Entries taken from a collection
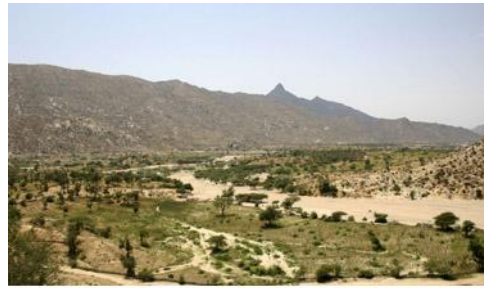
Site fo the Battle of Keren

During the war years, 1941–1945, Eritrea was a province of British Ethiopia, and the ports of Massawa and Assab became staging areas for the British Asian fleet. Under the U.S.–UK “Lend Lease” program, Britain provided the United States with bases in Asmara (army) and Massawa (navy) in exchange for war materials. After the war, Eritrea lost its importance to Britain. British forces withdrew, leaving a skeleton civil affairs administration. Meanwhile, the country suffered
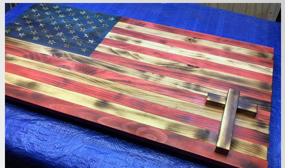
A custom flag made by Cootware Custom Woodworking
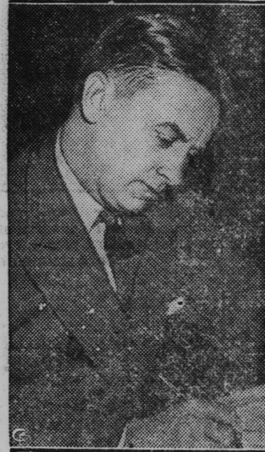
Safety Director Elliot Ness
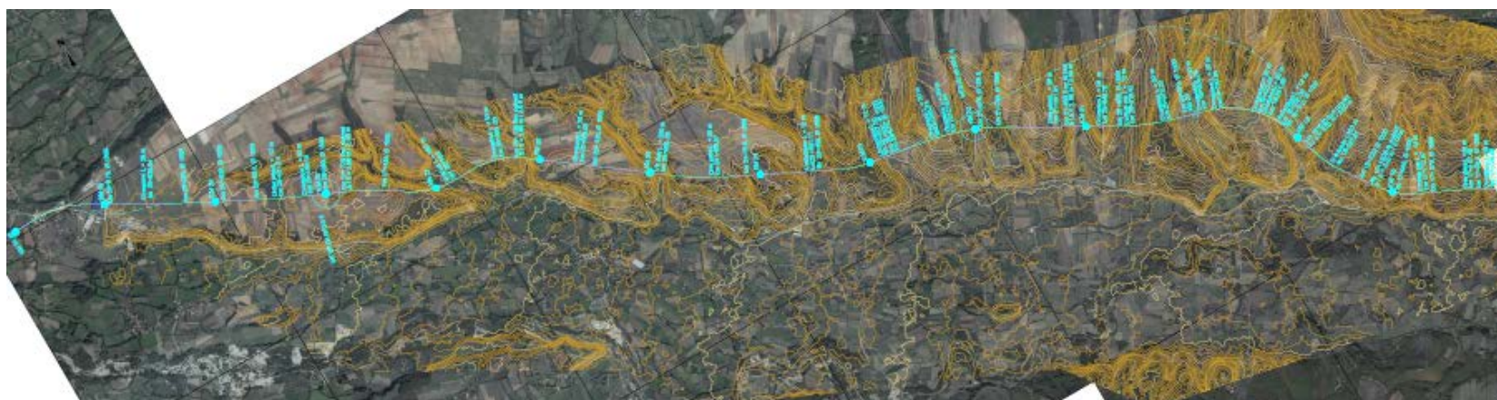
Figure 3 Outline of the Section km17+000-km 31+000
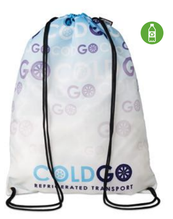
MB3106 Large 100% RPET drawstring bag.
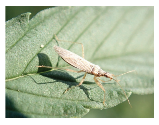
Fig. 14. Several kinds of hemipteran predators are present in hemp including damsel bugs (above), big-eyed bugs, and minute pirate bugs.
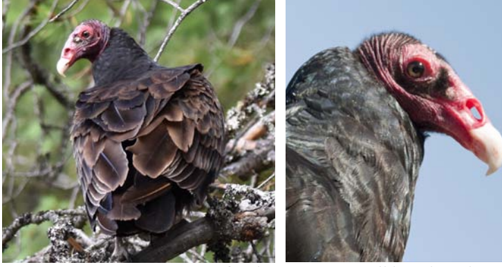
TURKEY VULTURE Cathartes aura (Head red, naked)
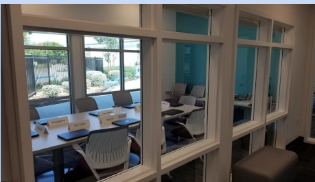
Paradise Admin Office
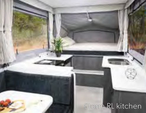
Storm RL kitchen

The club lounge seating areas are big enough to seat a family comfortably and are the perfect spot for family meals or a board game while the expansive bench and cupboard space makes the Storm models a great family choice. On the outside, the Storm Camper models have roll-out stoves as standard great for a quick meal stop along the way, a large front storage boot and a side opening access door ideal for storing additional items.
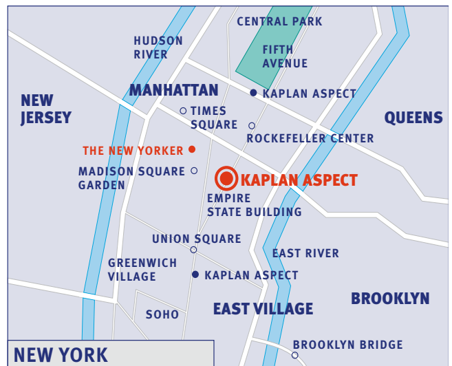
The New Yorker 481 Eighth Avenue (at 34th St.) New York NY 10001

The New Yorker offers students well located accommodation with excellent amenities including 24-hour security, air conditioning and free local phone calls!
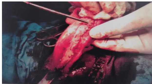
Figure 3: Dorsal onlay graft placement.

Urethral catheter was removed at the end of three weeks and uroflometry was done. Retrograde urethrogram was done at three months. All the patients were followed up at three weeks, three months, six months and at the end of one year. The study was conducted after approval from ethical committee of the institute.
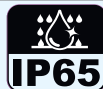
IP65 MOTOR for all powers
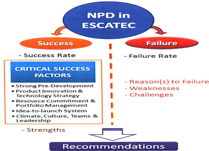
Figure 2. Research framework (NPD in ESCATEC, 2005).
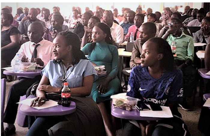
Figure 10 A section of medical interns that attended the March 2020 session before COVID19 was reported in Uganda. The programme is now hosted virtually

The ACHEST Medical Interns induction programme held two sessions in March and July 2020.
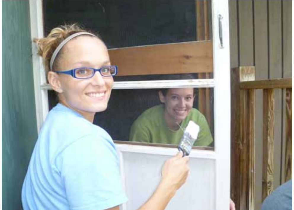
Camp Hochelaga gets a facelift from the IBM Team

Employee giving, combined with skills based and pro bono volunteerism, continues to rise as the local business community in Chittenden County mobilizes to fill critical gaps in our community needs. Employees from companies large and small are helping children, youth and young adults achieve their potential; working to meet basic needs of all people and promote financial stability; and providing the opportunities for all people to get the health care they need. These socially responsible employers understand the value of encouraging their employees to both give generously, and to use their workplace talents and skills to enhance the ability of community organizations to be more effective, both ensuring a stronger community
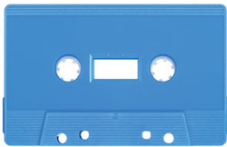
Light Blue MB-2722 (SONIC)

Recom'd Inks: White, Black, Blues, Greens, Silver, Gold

▸ ASSIGNED TASK:
Every line of the records above must reappear exactly, though the pictures must not.

▸ RESULT:
Site fo the Battle of Keren

During the war years, 1941–1945, Eritrea was a province of British Ethiopia, and the ports of Massawa and Assab became staging areas for the British Asian fleet. Under the U.S.–UK “Lend Lease” program, Britain provided the United States with bases in Asmara (army) and Massawa (navy) in exchange for war materials. After the war, Eritrea lost its importance to Britain. British forces withdrew, leaving a skeleton civil affairs administration. Meanwhile, the country suffered
A custom flag made by Cootware Custom Woodworking
Safety Director Elliot Ness
Figure 3 Outline of the Section km17+000-km 31+000
MB3106 Large 100% RPET drawstring bag.
Fig. 14. Several kinds of hemipteran predators are present in hemp including damsel bugs (above), big-eyed bugs, and minute pirate bugs.
TURKEY VULTURE Cathartes aura (Head red, naked)
Paradise Admin Office
Storm RL kitchen

The club lounge seating areas are big enough to seat a family comfortably and are the perfect spot for family meals or a board game while the expansive bench and cupboard space makes the Storm models a great family choice. On the outside, the Storm Camper models have roll-out stoves as standard great for a quick meal stop along the way, a large front storage boot and a side opening access door ideal for storing additional items.
The New Yorker 481 Eighth Avenue (at 34th St.) New York NY 10001

The New Yorker offers students well located accommodation with excellent amenities including 24-hour security, air conditioning and free local phone calls!
Figure 3: Dorsal onlay graft placement.

Urethral catheter was removed at the end of three weeks and uroflometry was done. Retrograde urethrogram was done at three months. All the patients were followed up at three weeks, three months, six months and at the end of one year. The study was conducted after approval from ethical committee of the institute.
IP65 MOTOR for all powers
Figure 2. Research framework (NPD in ESCATEC, 2005).
Figure 10 A section of medical interns that attended the March 2020 session before COVID19 was reported in Uganda. The programme is now hosted virtually

The ACHEST Medical Interns induction programme held two sessions in March and July 2020.
Camp Hochelaga gets a facelift from the IBM Team

Employee giving, combined with skills based and pro bono volunteerism, continues to rise as the local business community in Chittenden County mobilizes to fill critical gaps in our community needs. Employees from companies large and small are helping children, youth and young adults achieve their potential; working to meet basic needs of all people and promote financial stability; and providing the opportunities for all people to get the health care they need. These socially responsible employers understand the value of encouraging their employees to both give generously, and to use their workplace talents and skills to enhance the ability of community organizations to be more effective, both ensuring a stronger community
Light Blue MB-2722 (SONIC)

Recom'd Inks: White, Black, Blues, Greens, Silver, Gold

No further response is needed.